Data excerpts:
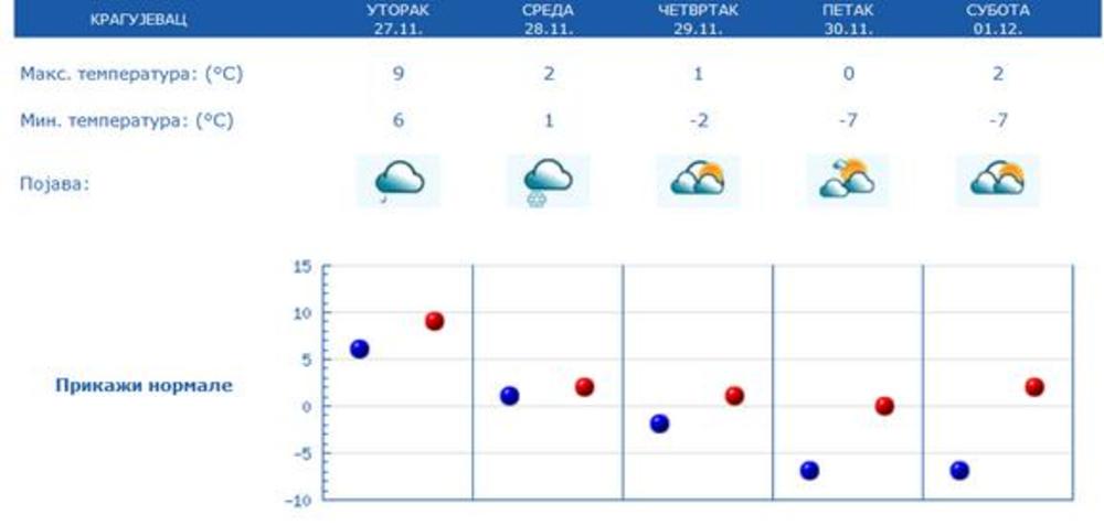 Temperatura će do subote u većini gradova Srbije biti oko minus 5 i 6, a u Kragujevcu se očekuje i za stepen hladnije.
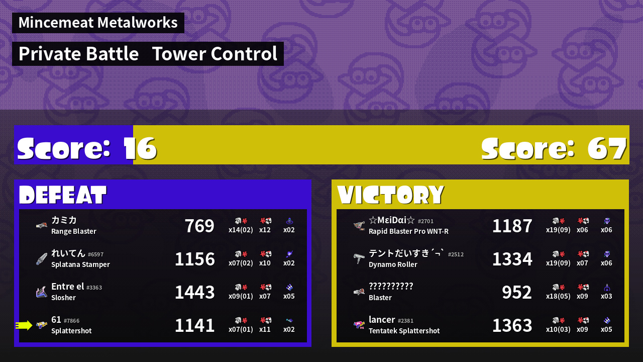 | Weapon | Splattershot ( Suction Bomb / Trizooka) | ||
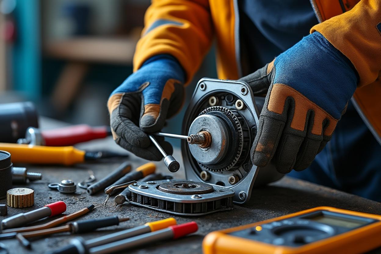 La surchauffe, due à un effort prolongé ou à un environnement chaud, dégrade les enroulements et les isolations. De même, l’usure normale des pignons et des axes finit par affecter les performances.
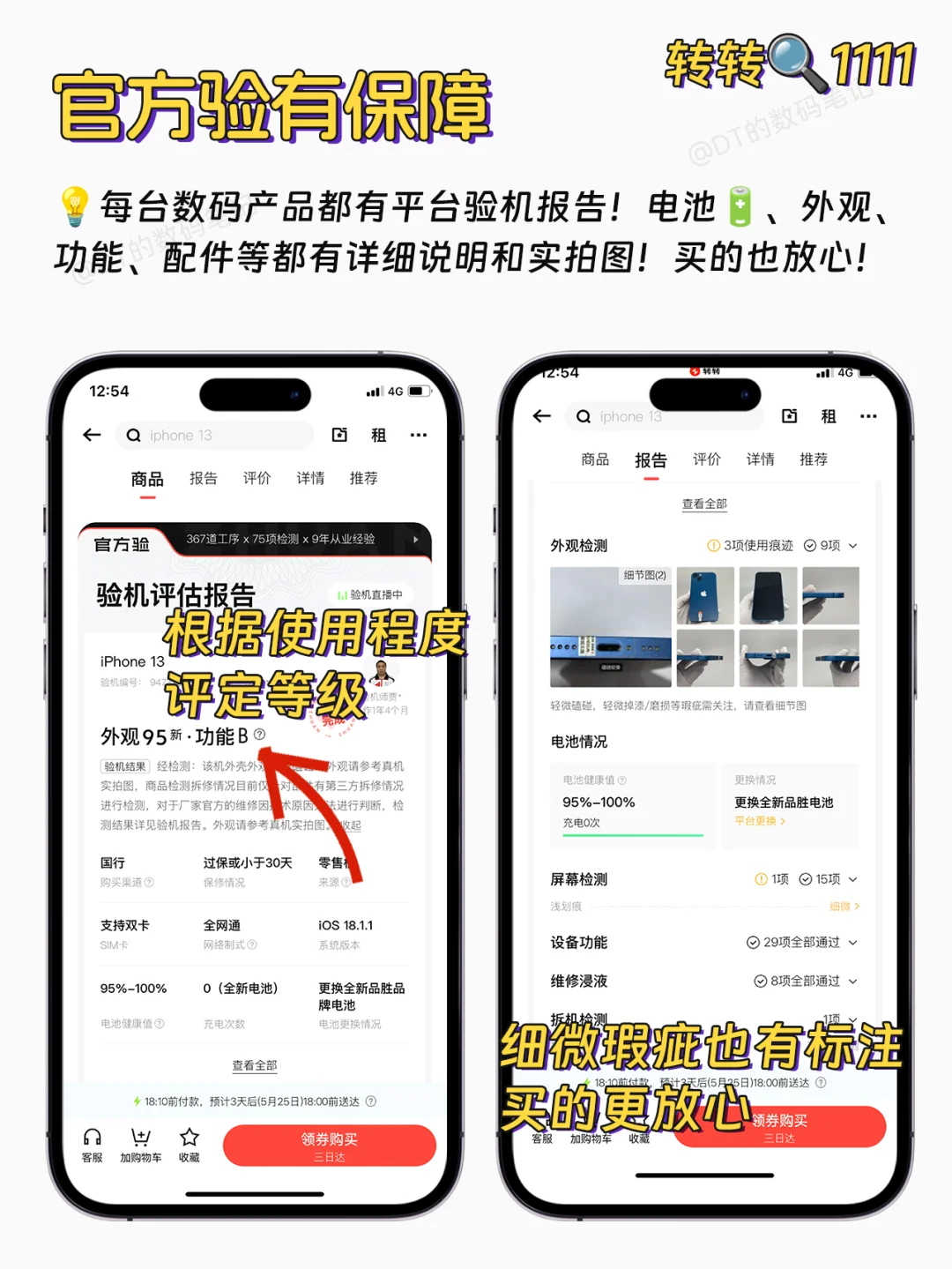 [一R]转转:适合新手,✔每台都有官方验机报告,细到电池、电压、电流都写得清清楚楚,关键还有 7天无理由退货 + 1年质保,真·省心
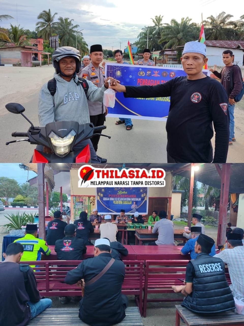 Kegiatan ini diawali dengan pembagian takjil kepada masyarakat yang melintas di Jalan Lintas Kumu – Duri, Desa Sontang, tepat di depan Mako Polsek Bonai Darussalam. Dengan penuh antusias, Kapolsek dan personelnya bersama Ormas dan Himpunan Mahasiswa turun langsung ke jalan membagikan hidangan berbuka kepada para pengguna jalan, sebagai bentuk kepedulian di bulan suci Ramadan.
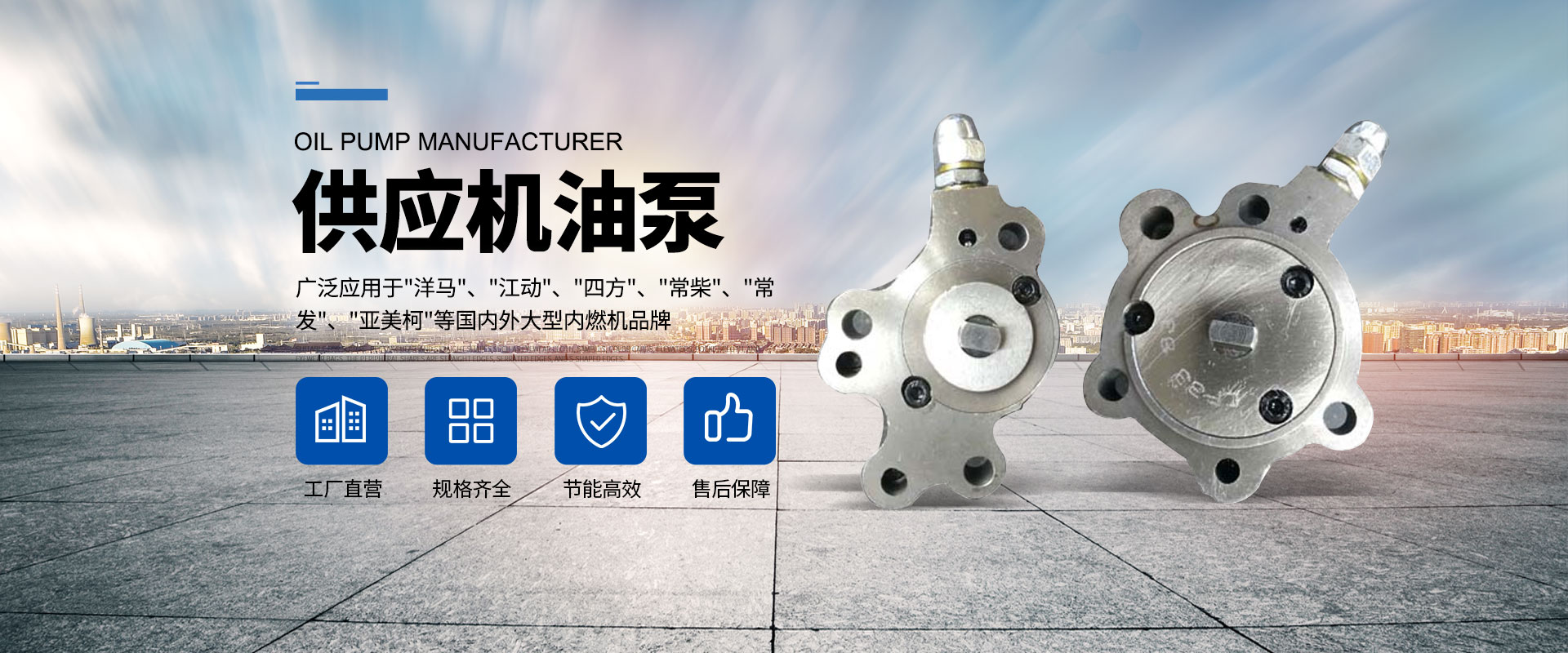 公司常年為"洋馬"、"江動(dòng)"、"四方"、"常柴"、"常發(fā)"、"亞美柯"等國(guó)內(nèi)外大型內(nèi)燃機(jī)廠(chǎng)家提供各類(lèi)機(jī)油泵。公司還配套日本洋馬公司所有產(chǎn)品,配套江動(dòng)"紅雙喜"、"省油王"、"8"系列產(chǎn)品;配套常柴"H"、"L"系列大功率柴油機(jī);配套常發(fā)國(guó)三標(biāo)準(zhǔn)"金冠"系列柴油機(jī)。

• Exercise instructions
With the pictures omitted, print each line of the data above precisely as given.

• Result of the exercise
 Temperatura će do subote u većini gradova Srbije biti oko minus 5 i 6, a u Kragujevcu se očekuje i za stepen hladnije.
 | Weapon | Splattershot ( Suction Bomb / Trizooka) | ||
 La surchauffe, due à un effort prolongé ou à un environnement chaud, dégrade les enroulements et les isolations. De même, l’usure normale des pignons et des axes finit par affecter les performances.
 [一R]转转:适合新手,✔每台都有官方验机报告,细到电池、电压、电流都写得清清楚楚,关键还有 7天无理由退货 + 1年质保,真·省心
 Kegiatan ini diawali dengan pembagian takjil kepada masyarakat yang melintas di Jalan Lintas Kumu – Duri, Desa Sontang, tepat di depan Mako Polsek Bonai Darussalam. Dengan penuh antusias, Kapolsek dan personelnya bersama Ormas dan Himpunan Mahasiswa turun langsung ke jalan membagikan hidangan berbuka kepada para pengguna jalan, sebagai bentuk kepedulian di bulan suci Ramadan.
 公司常年為"洋馬"、"江動(dòng)"、"四方"、"常柴"、"常發(fā)"、"亞美柯"等國(guó)內(nèi)外大型內(nèi)燃機(jī)廠(chǎng)家提供各類(lèi)機(jī)油泵。公司還配套日本洋馬公司所有產(chǎn)品,配套江動(dòng)"紅雙喜"、"省油王"、"8"系列產(chǎn)品;配套常柴"H"、"L"系列大功率柴油機(jī);配套常發(fā)國(guó)三標(biāo)準(zhǔn)"金冠"系列柴油機(jī)。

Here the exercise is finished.